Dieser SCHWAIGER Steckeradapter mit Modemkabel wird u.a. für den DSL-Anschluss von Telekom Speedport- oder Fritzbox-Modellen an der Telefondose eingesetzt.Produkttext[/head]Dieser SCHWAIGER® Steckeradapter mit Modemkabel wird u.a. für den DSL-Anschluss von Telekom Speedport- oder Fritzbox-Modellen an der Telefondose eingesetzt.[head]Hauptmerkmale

★ ★ ★ ★ ★

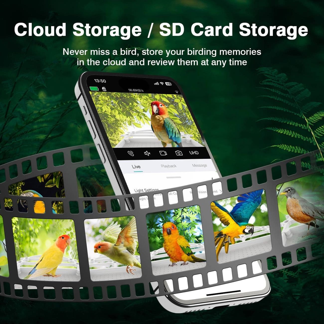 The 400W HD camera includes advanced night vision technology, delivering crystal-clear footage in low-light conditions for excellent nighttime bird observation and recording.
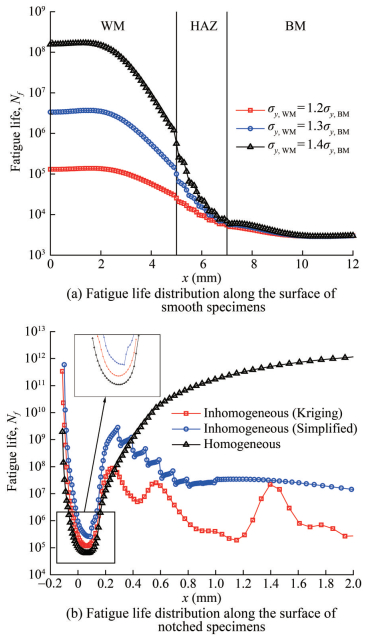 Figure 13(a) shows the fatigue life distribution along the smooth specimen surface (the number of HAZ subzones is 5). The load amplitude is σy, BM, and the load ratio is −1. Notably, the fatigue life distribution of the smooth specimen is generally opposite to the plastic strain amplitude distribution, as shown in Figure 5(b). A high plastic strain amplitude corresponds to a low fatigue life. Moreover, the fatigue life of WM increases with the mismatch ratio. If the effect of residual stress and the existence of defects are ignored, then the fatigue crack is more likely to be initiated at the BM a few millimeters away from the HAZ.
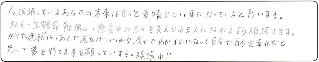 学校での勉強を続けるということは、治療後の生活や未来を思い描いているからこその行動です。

★ ★ ★ ★ ★

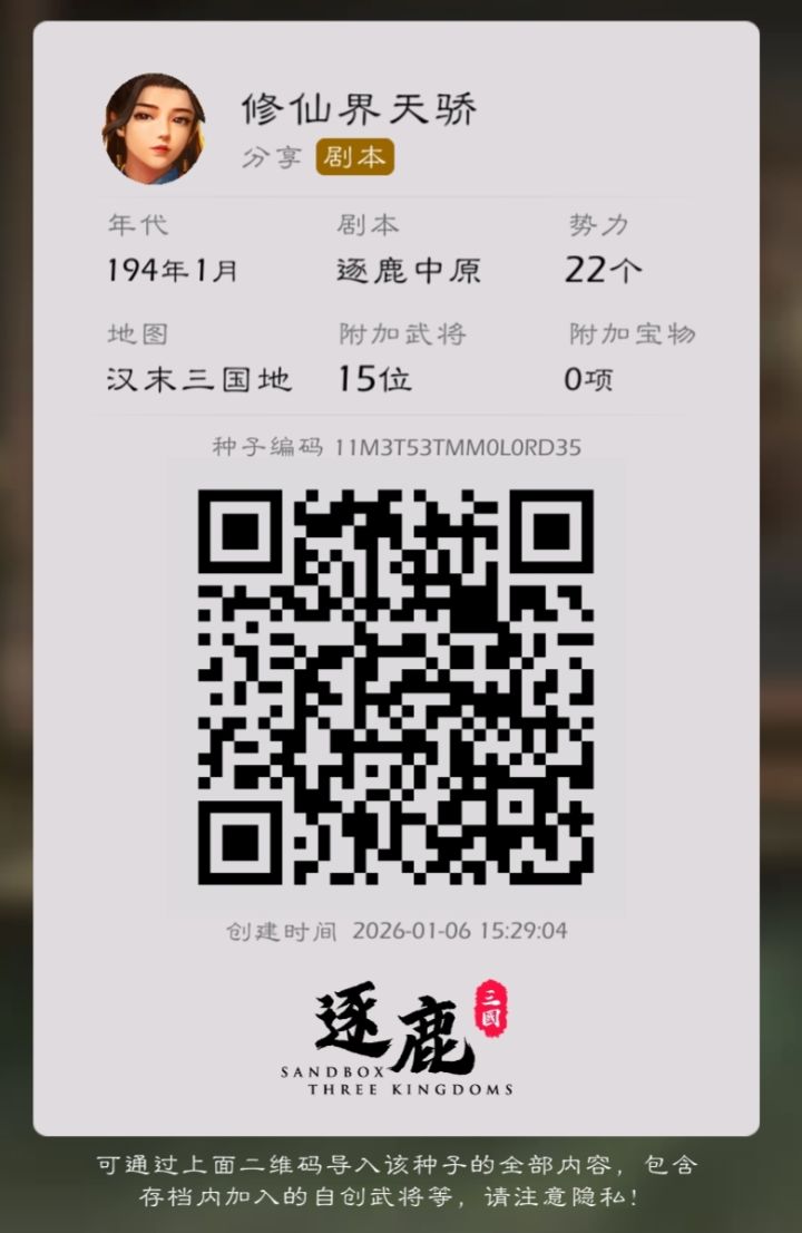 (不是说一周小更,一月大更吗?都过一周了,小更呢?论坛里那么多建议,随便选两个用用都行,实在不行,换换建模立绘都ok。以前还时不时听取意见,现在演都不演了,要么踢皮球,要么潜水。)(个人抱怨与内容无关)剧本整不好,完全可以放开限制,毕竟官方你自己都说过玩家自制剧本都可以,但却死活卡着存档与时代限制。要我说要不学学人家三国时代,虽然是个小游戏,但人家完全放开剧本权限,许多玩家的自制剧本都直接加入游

★ ★ ★ ★ ★

**Task statement:**
Look back at the data above, then output exactly the lines from the line holding "Figure 13(a) shows" up to and including the line holding "学校での勉強を続けるというこ". Leave out the pictures.

**Your response:**
 Figure 13(a) shows the fatigue life distribution along the smooth specimen surface (the number of HAZ subzones is 5). The load amplitude is σy, BM, and the load ratio is −1. Notably, the fatigue life distribution of the smooth specimen is generally opposite to the plastic strain amplitude distribution, as shown in Figure 5(b). A high plastic strain amplitude corresponds to a low fatigue life. Moreover, the fatigue life of WM increases with the mismatch ratio. If the effect of residual stress and the existence of defects are ignored, then the fatigue crack is more likely to be initiated at the BM a few millimeters away from the HAZ.
 学校での勉強を続けるということは、治療後の生活や未来を思い描いているからこその行動です。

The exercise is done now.